Session 11C: Creating Smarter Ground Systems through Cybersecurity Prototyping, Testing and
on-orbit Experiments

Leads: Scott Niebuhr and Michelle Yohannes, The Aerospace Corporation

Description to be posted soon.


Session 11D: Achieving a Smarter Ground Enterprise Through Model-Based Engineering

Leads: Ryan Noguchi and Robert Pettit IV, The Aerospace Corporation

In this Working Group Session, we hope to foster a mutually beneficial discussion of the community’s lessons learned and best practices in Model-Based Engineering (MBE). As in previous years, we plan to facilitate an open discussion of the issues and concerns of MBE to encourage broad participation from the assembled participants. We plan to open the session with a very brief presentation that sets the stage, but we have found that the discussion evolves on its own accord, leads the group in directions we can’t predict in advance, and results in the beneficial emergence of insightful conclusions and the identification of key challenges and opportunities that face the community.

In keeping with this year’s GSAW theme, we would like to focus the working group’s discussions on how MBE can help enterprises to re-architect and re-engineer themselves to become smarter, more efficient, and more effective. We would like to share lessons learned from model-based engineering efforts, to understand how these modern methods and tools are able to improve organizations’ ability to achieve agility, enable greater proactivity, and capitalize on advances being made in machine learning, intelligent systems, automation, and innovative accelerated development processes.


Session 11E: Cloud Computing and Big Data Technologies for Ground Systems IX

Leads: Ramesh Rangachar and Craig Lee, The Aerospace Corporation

This is the ninth year of this working group. The main objective of the working group is tocontinue discussion on the adoption of cloud computing and Big Data in satellite groundsystems. The Cloud Reference Model and Roadmap produced by Aerospace will be usedto frame the discussion. The working group will focus on:

  • State of the art in cloud computing and Big Data;
  • Cloud and Big Data reference models;
  • Cloud-based ground systems;
  • Cloud and Big Data technologies;
  • Cloud security, standards, and compliance;
  • Acquisition strategies for cloud-based systems;
  • Cloud computing economics; and
  • Cloud performance management.

This working group will consist of two parts. Part 1 will include presentations, case studies, and demonstrations related to cloud computing and Big Data for ground systems. Part 2 will be a town hall meeting on cloud computing and Big Data for ground systems. This will include a moderated discussion on the focus issues mentioned above, with expert opinions from panelists.

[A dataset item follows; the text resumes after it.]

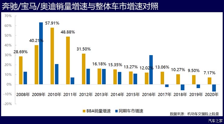 如果持续跟踪新车销售市场,最刺激的一个感受就是:BBA你“一枝独秀”啊,低迷、不振,下调,走低,这些颓词儿都与你无关!自2017年以来,这种形势就没变过,月月如此,年年如此。最近四年整体车市销量连续负增长,BBA却连续正增长,大众怕是羡慕的紧。不过,从近四年的增速看,BBA也是受了车市低迷的影响的,身在江湖难独善。
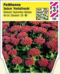Die Sedum sind Durstkünstler, die die sonnigsten Plätze sowie steinige Böden vertragen. Sie besitzen auch verblüht im Winter noch ihren Reiz. Erst im Frühjahr zurück schneiden!

Presenters, panelists, and participants will include ground systems providers, integrators, and operators, cloud solutions providers, and others interested in ground systems and cloud computing.


Session 11F: Smarter Acquisition with Agile Approaches

Leads: Supannika Mobasser and Jodene Sasine, The Aerospace Corporation

Agile software and system development is no longer a new topic for the Government sector. Several programs have gradually started to embrace agile methods. Ground software systems usually have large scale and high complexity, hence, there is a big challenge to use agile as it is used in commercial software-intensive industry. Additional challenge is how to smartly apply agile, not only to the software system development, but to the whole ground system acquisition life-cycle. What should we do differently so that we can have smarter acquisition strategies?

This working group will provide an opportunity for agile practitioners to share their experiences and learn from others on several topics regarding challenges in agile acquisition on the following topics:

  • Smarter checkpoints and feasibility evidence
  • Smarter roles and responsibilities
  • Smarter tools and techniques
  • Smarter quality assurance
  • Smarter practices and antipatterns

The format of the working group will be a combination of presentations, case studies, and interactive discussion focusing on different aspects of agile adoption on ground software system development.